Mardi soir à Paris, le pianiste Simon Ghraichy, chaussures argentées et chevelure insolente, a fait souffler un vent d'audace et de poésie dans un temple parisien très vénérable de la musique classique, le Théâtre des Champs-Élysées. Pour porter "33", son projet discographique très personnel, il a fait appel à de l'électro, de la vidéo, à une danseuse... et à un invité de marque, Chilly Gonzales.

On le savait déjà audacieux, rieur, impertinent, avec ses bouclettes irrésistibles et les costumes exubérants qu'il a pris l'habitude de porter sur scène. Non content d'être un pianiste virtuose et attachant, aux choix musicaux éminemment personnels, Simon Ghraichy, 33 ans (d'où le titre de son dernier album sorti chez Deutsche Grammophon), semble fermement décidé à marquer les esprits sur scène - et pas seulement par son jeu fougueux.

Failles secrètes

Pour célébrer la sortie de “33”, plutôt qu'un récital instrumental traditionnel, le pianiste aux origines libano-mexicaines a proposé un spectacle hors norme baptisé “Humoresken”. Ce titre est inspiré d'une œuvre de Robert Schumann, "Humoreske", dont la partition atypique, peut-être hantée par les premiers signes de la folie qui allait faire sombrer le compositeur allemand, a ébranlé Simon Ghraichy. La résonnance inattendue de cette œuvre sur son propre psychisme a exhumé, chez le pianiste trentenaire, la douleur d'un drame personnel ancien autour duquel allait s'articuler le répertoire du disque. ll a mis cette pièce au centre de son projet "33", un album destiné dès le départ à ne rien cacher de ses failles secrètes.

Voix intérieure

La partition de l'"Humoreske" de Robert Schumann comporte une curiosité : une troisième voix supposée être chantée intérieurement par l'interprète, et que le compositeur a appelée "la Voix Intérieure". Sur scène, Ghraichy en a fait à la fois une sorte d'alter ego et, non sans malice, un subterfuge pour détourner le protocole des récitals classiques où l'artiste n'est pas supposé prendre la parole.

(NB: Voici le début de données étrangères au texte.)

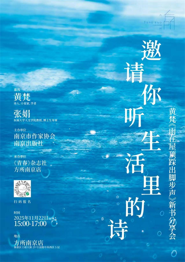 黃梵新詩集《雨在屋頂踩出腳步聲》以“連通詩與生活”為核心,展現(xiàn)“萬物皆可入詩”的創(chuàng)作理念。11月22日,我們特邀黃梵與學(xué)者張娟展開對(duì)談。兩位老師將圍繞“詩與生活”這一主題,分享如何捕捉生活詩意,解讀現(xiàn)代詩中蘊(yùn)含的細(xì)膩故事,為讀者呈現(xiàn)一場深刻的精神對(duì)話。
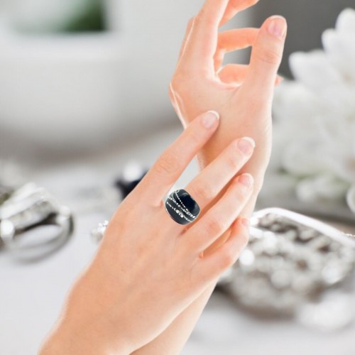 Handmade Glass Acrylic Ring Silver Edge Urban Streak Infinity Band: US Ring Size 8.5
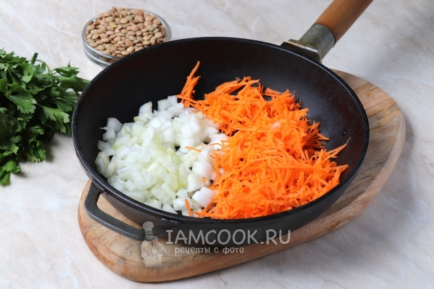 Очистим и помоем под проточной водой лук с морковкой. Лук нарежем средними кубиками, морковь натрем на терке. Овощную нарезку отправим на сковороду с растительным маслом. Обжарим на небольшом огне, периодически помешивая, до золотистого цвета, около 5 минут.
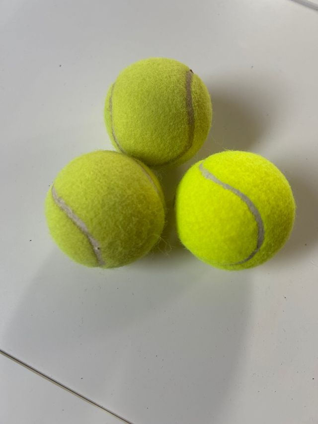 Tres pelotas de tenis o pádel usadas, en buen estado. - Ideales para practicar. - Color amarillo. - Ligeras marcas de uso.

Qu'à cela ne tienne, sans ouvrir la bouche, Simon Ghraichy s'est exprimé ! Ses interventions, l'une en première partie, et l'autre à la fin du concert, étaient préenregistrées dans un boîtier magique en forme de cube posé à côté du piano... La "Voix Intérieure" rêvée par Schumann était bien présente dans la salle ! D'une part grâce à ce boîtier à effets, mais aussi parce qu'elle était incarnée par l'invité-vedette de Simon Ghraichy, Chilly Gonzales. Le pianiste canadien a en effet composé une pièce, "Robert on the Bridge", inspirée de cette entité mystérieuse. En seconde partie, il est venu la jouer en duo avec Ghraichy, sur un piano droit positionné face à celui de son hôte.

Effets électro

Après l'entracte, la scénographie n'a laissé aucun espace pour les applaudissements jusqu'à la fin du spectacle. Avec son boîtier magique qu'il frôlait avec emphase, Ghraichy glissait des intermèdes électro, tels des virgules, entre chaque pièce...

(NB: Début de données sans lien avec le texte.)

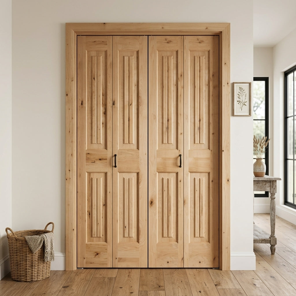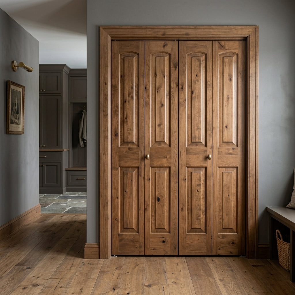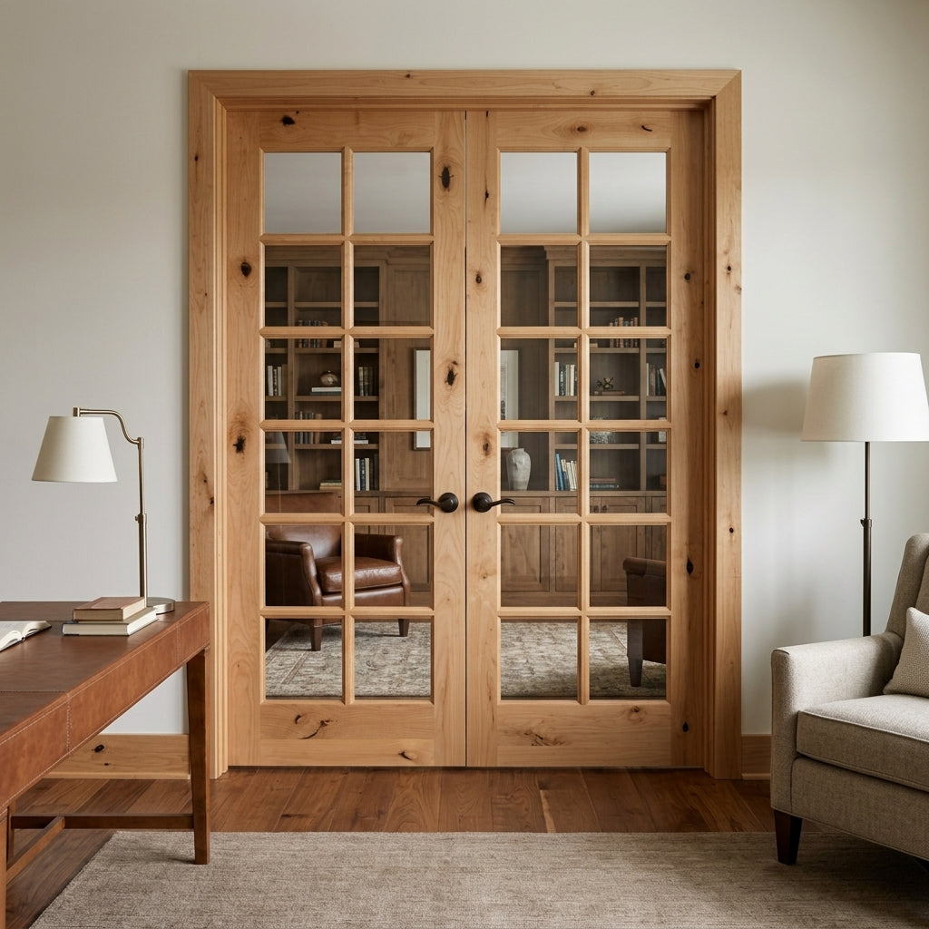 Nothing says character like the exposed wood grain and unique, textured knotting of a Knotty Alder Wood Interior Double Door from Krosswood Doors. Our Modern Farmhouse inspired doors feature superior craftsmanship and doweled construction to bring out the personality in any room. Find your perfect fit today with our custom size, layout, and stain options.
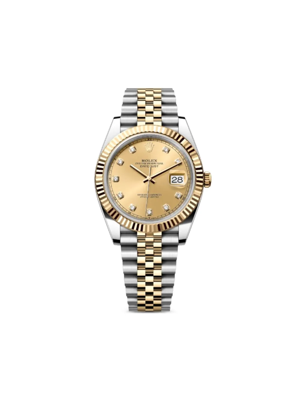 pre-owned 41 mm doré boîtier en acier inoxydable/or jaune boîtier rond lunette cannelée cadran géométrique cadran secondes aiguilles bâton aiguille seconde mouvement automatique suisse guichet de date grossissant loupe Cyclope signature couronne vissée bracelet bicolore Jubilee boucle déployante Boîte et documents originaux inclus. Cet article bénéficie d’un an de garantie standard proposé par la boutique partenaire. L’utilisation quotidienne normale et les agents externes peuvent réduire l’éclat des pierres précieuses et des surfaces en or. Pour entretenir vos bijoux, utilisez des produits spécifiques, non abrasifs et spécialement conçus pour le nettoyage.

Dans le répertoire de “33” et sa projection scénique "Humoresken", cohabitent les thèmes du temps qui passe, de la folie, de l’eau et de la mort, à l'image de la magnifique chanson "Alfonsina y el Mar" d'Ariel Ramirez, dont Ghraichy a fait une transcription libre et inspirée. Le programme se dévoile au cœur d’une scénographie très contemporaine, poétique, parfois décalée, avec des projections vidéo, une penderie au fond de la scène et, en seconde partie, un moment d'obscurité totale, une danseuse “derviche tourneuse” (Rama Gorgani), des personnages énigmatiques parmi lesquels le compositeur Jacopo Baboni Schilingi qui écrit une partition sur le dos dénudé d'un inconnu... Schilingi a signé pour Ghraichy une pièce virevoltante, "Huge", pour piano et MAO (musique assistée par ordinateur). Au moment de la jouer, le pianiste a saisi un ordinateur portable et le Théâtre des Champs-Élysées, temple centenaire, a été inondé de sonorités électro percussives...

Une belle audace

Certes, Simon Ghraichy n'est pas le seul artiste issu du classique à avoir glissé de l'électro dans ses musiques et ses projets. D'autres pianistes comme Francesco Tristano et Vanessa Wagner ont également cassé les cloisons entre ces univers. En posant son récital au cœur d'un spectacle pluridisciplinaire, tel que ceux que l'on peut trouver sur les scènes des musiques actuelles, Simon Ghraichy a frappé fort. Bien sûr, on peut se demander si ces contrepoints visuels et théâtraux mûrement réfléchis, à la dimension autobiographique assumée, ne risquent pas parfois de faire interférence à l'écoute de la musique plutôt que de la servir. Mais l'expérience mérite d'être tentée. Mardi soir, le public a apprécié. On ne peut que saluer l'audace de Simon Ghraichy. Réjouissant.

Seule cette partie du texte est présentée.